Шарп пытался понять, какой смысл имело то, о чем рассказал Ангел. Инквизиция? Это совпадение придавало рассказу мальчика достоверность, но зачем инквизиции похищать Элен? И с какой стати этому Палачу охранять женский монастырь, где ее держат?

Он спросил мальчика, и Ангел пожал плечами.

— Кто знает? Он не тот человек, которого можно спросить.

— А какой он человек?

Мальчик нахмурился.

— Он убивает французов, — признал он неохотно. — Но он убивает и своих собственных людей тоже. Он как-то расстрелял двенадцать мужчин из деревни, потому что крестьяне отказались дать пищу его людям. Он приехал во время сиесты и расстрелял их. Даже Мина не может справиться с ним. — Ангел говорил о человеке, который считался главным среди всех партизан. Мина, как было известно, казнил таких как El Matarife, — тех, кто преследовал соотечественников. Ангел скрутил себе новую самокрутку. — Французы боятся его. Говорили, что он когда-то расставил головы пятидесяти французов на Главной дороге — по одной на каждой миле. Это было около Витории, откуда он приезжает. — Мальчик рассмеялся. — Он медленно убивает. Говорят, что ему сделали пальто из кожи французов. Некоторые говорят, что он безумен.

— Мы можем найти его?

Si. — Ангел сказал это так, как если бы вопрос был лишним. — Значит, мы едем в горы?

— Мы едем в горы.

Они поехали на северо-восток — туда, где горы превратились в головокружительной крутизны скалы, охотничьи угодья орлов, в страну удивительных долин и водопадов, которые брали начало в холодных утренних туманах и стекали к подножьям гор множеством ледяных горных потоков.

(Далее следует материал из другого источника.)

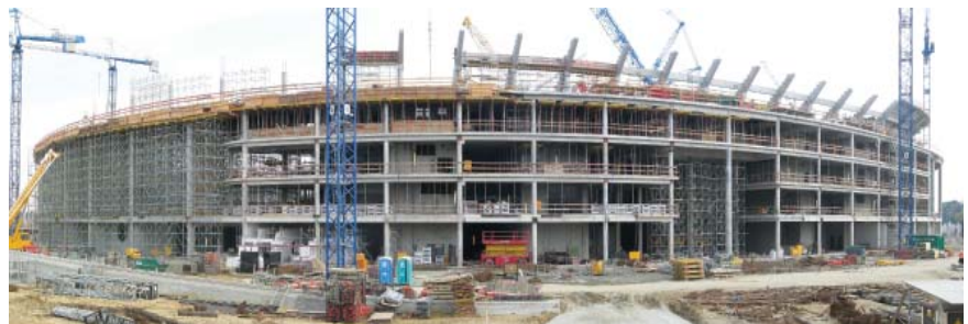
Gradski stadion u Wrocławu u gradnji

projektu njemačke tvrtke JSK Architekten koja je uključena i u projektiranje stadiona u Varšavi. Rad je odabran na javnom natječaju, a izgledom podsjeća na svjetiljku, što je odabrano zbog prepoznatljivosti i podsjećanja na dinamičan gospodarski razvoj grada. Stadion je gotovo kružnog tlocrta, a pročelje mu je prekriveno staklenom mrežom obloženom teflonom,

Они поехали на северо-восток — в края, почти необитаемые, редкие жители которых были столь бедны и запуганны, что они сбежали, когда увидели, двух странных всадников. Некоторые из местных жителей, сказал Ангел, даже не знают, что идет война.

— Они даже и не испанцы! — сердито сказал он.

— Не испанцы?

— Они — баски. У них свой собственный язык.

— Так кто же они?

Ангел безразлично пожал плечами.

— Они живут здесь.

Он, очевидно, больше ничего не мог сказать о них.

Ангел, как показалось Шарпу, заскучал. Они забрались в эти северные горы, далеко от французов. А значит, далеко от войны и от того, что Ангел услышал в Бургосе, далеко от волнений битвы.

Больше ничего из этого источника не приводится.